Chacun de ces singuliers convives avait devant lui une tasse blanche et quelques vases de forme inusitée sur un petit plateau.
Aucun d'eux ne disait mot.
De temps en temps, et dans le plus profond silence, ils portaient à leurs lèvres la tasse blanche où fumait une liqueur noire qu'ils buvaient gravement.
Je compris que ces spectres prenaient du café.
Toute réflexion faite, et jugeant que le moment était venu de produire un effet quelconque, je poussai la porte entr'ouverte et j'entrai vaillamment dans la salle.
Point; aucun effet.
La grande femme, coiffée en héraut d'armes, tourne seule la tête, me regarde fixement, avec des yeux blancs, et se remet à boire son philtre.
Du reste, pas une parole.
Les autres fantômes ne me regardaient même pas.
Un peu déconcerté, ma casquette à la main, je fais trois pas vers la table, et je dis, tout en craignant fort de manquer de respect à ce château d'Udolphe:
– Messieurs, n'est-ce pas ici une auberge?
Ici le vieillard triplement coiffé produisit une espèce de grognement inarticulé qui tomba pesamment dans sa cravate. Les autres ne bougèrent pas.
Je vous avoue qu'alors je perdis patience, et me voilà criant à tue-tête: – Holà! hé! l'aubergiste! le tavernier! de par tous les diables! l'hôtelier! le garçon! quelqu'un! Kellner!

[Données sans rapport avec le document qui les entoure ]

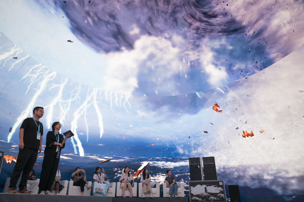2024年7月22日,游客在“寻境敦煌——数字敦煌沉浸展”借助VR设备沉浸式游览莫高窟第285窟虚拟场景。“寻境敦煌——数字敦煌沉浸展”综合运用VR虚拟现实、三维建模、游戏引擎的物理渲染和全局动态光照等新技术,高精度立体还原了莫高窟第285窟。游客戴上VR眼镜,不仅可以零距离观赏壁画、360度自由探索洞窟细节,还能“飞升”到窟顶,身临其境参与壁画故事情节,沉浸式感受敦煌文化的魅力。
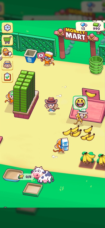 Welcome to Monkey Mart, the ultimate idle/management game! Take control of a lovable monkey and become the master of your own supermarket. Plant delicious fruits, harvest fresh produce, and keep your stands stocked with a variety of tasty treats. From bananas to corn, eggs to peanuts, and even coffee beans and chocolate, there’s something for everyone at Monkey Mart. Join in on the fun and start building your supermarket empire today!
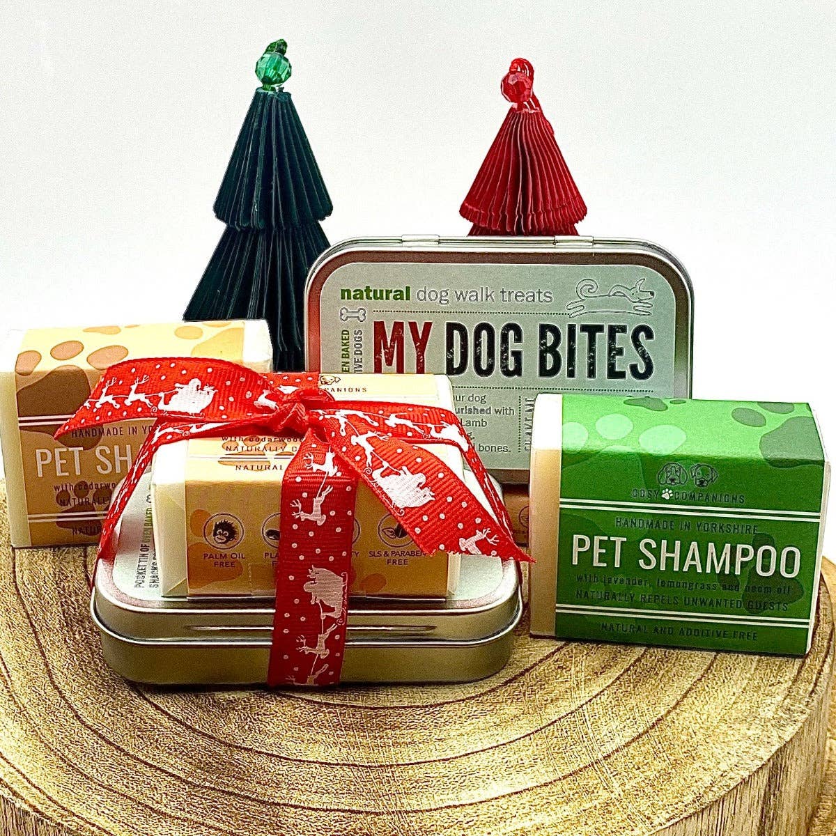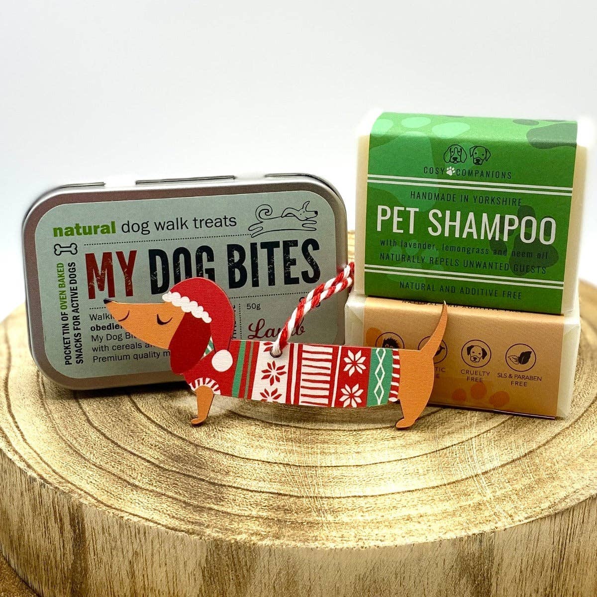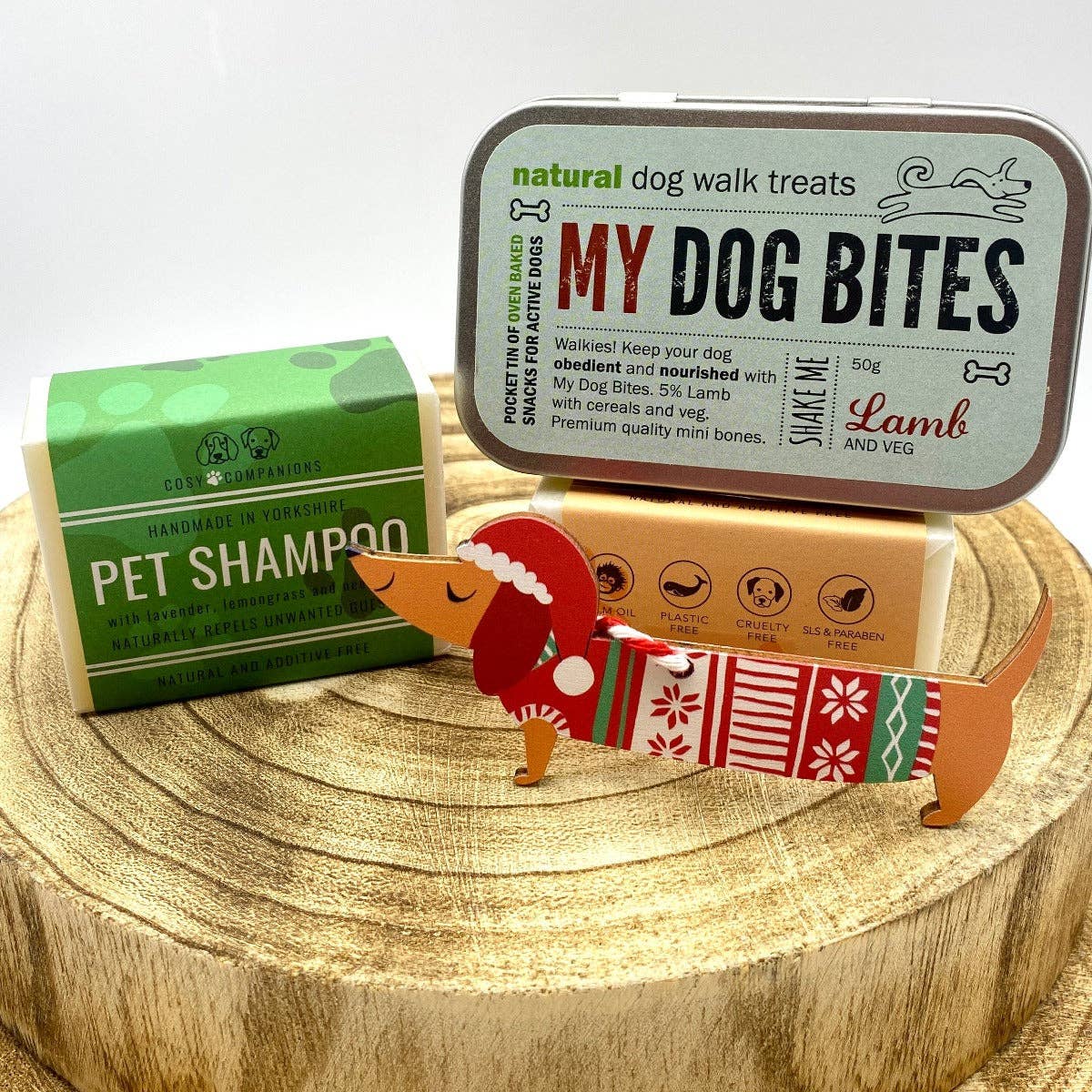 To make sure nobody in your family misses out this year, we're offering a special treat for our our canine chums; a choice of one of our celebrated and prize winning all natural solid pet shampoos paired with a delicious rattly tin of tempting lamb flavoured dog treats from our friends at My Dog Bites in London. The custom designed, rattling tin is ideal to help with recall.

J'avais saisi au vol, dans mes allées et venues sur le Rhin, ce mot: Kellner, sans en savoir le sens, et je l'avais soigneusement serré dans un coin de ma mémoire avec une vague idée qu'il pourrait m'être bon.
En effet, à ce cri magique: Kellner! une porte s'ouvrit dans la partie ténébreuse de la caverne.

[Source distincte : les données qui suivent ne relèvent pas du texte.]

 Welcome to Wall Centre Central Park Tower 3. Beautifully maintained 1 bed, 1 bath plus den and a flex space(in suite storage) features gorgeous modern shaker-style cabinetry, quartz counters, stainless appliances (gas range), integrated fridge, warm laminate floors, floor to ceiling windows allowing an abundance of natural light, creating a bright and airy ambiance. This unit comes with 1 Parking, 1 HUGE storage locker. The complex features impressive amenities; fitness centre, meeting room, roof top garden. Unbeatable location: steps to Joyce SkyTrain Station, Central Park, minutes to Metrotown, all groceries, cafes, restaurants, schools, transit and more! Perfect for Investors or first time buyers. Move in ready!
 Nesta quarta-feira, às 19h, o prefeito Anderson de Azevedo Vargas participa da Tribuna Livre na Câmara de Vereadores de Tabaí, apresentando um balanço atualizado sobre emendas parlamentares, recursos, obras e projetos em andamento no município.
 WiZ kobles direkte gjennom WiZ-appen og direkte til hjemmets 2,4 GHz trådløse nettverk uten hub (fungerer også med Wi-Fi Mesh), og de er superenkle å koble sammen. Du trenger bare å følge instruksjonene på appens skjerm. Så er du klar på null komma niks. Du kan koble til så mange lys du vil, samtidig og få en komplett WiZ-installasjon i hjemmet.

Sésame, ouvre-toi! n'aurait pas mieux réussi.
Cette porte se referma après avoir donné passage à une apparition qui vint droit à moi:
Une jeune fille, jolie, pâle, les yeux battus, vêtue de noir, portant sur la tête une coiffure étrange, qui avait l'air d'un énorme papillon noir posé à plat sur le front, les ailes ouvertes.
Elle avait, en outre, une large pièce de soie noire roulée autour du cou, comme si ce gracieux spectre eût eu à cacher la ligne rouge et circulaire de Marie Stuart et de Marie-Antoinette.
– Kellner? me dit-elle.
Je répondis avec intrépidité: – Kellner!
Elle prit un flambeau et me fit signe de la suivre.
Nous rentrâmes dans les chambres par où j'étais venu, et, au beau milieu de la première, sur un banc de bois, elle me montra avec un sourire un homme dormant du sommeil profond des justes, la tête sur un sac de nuit.
Fort surpris de ce dernier prodige, je secouai l'homme; il s'éveilla; la jeune fille et lui échangèrent quelques paroles à voix basse, et deux minutes après nous nous retrouvions, mon sac de nuit et moi, fort confortablement installés dans une chambre excellente, à rideaux blancs comme neige.
Or, j'étais à l'hôtel de la Cour de Zæhringen.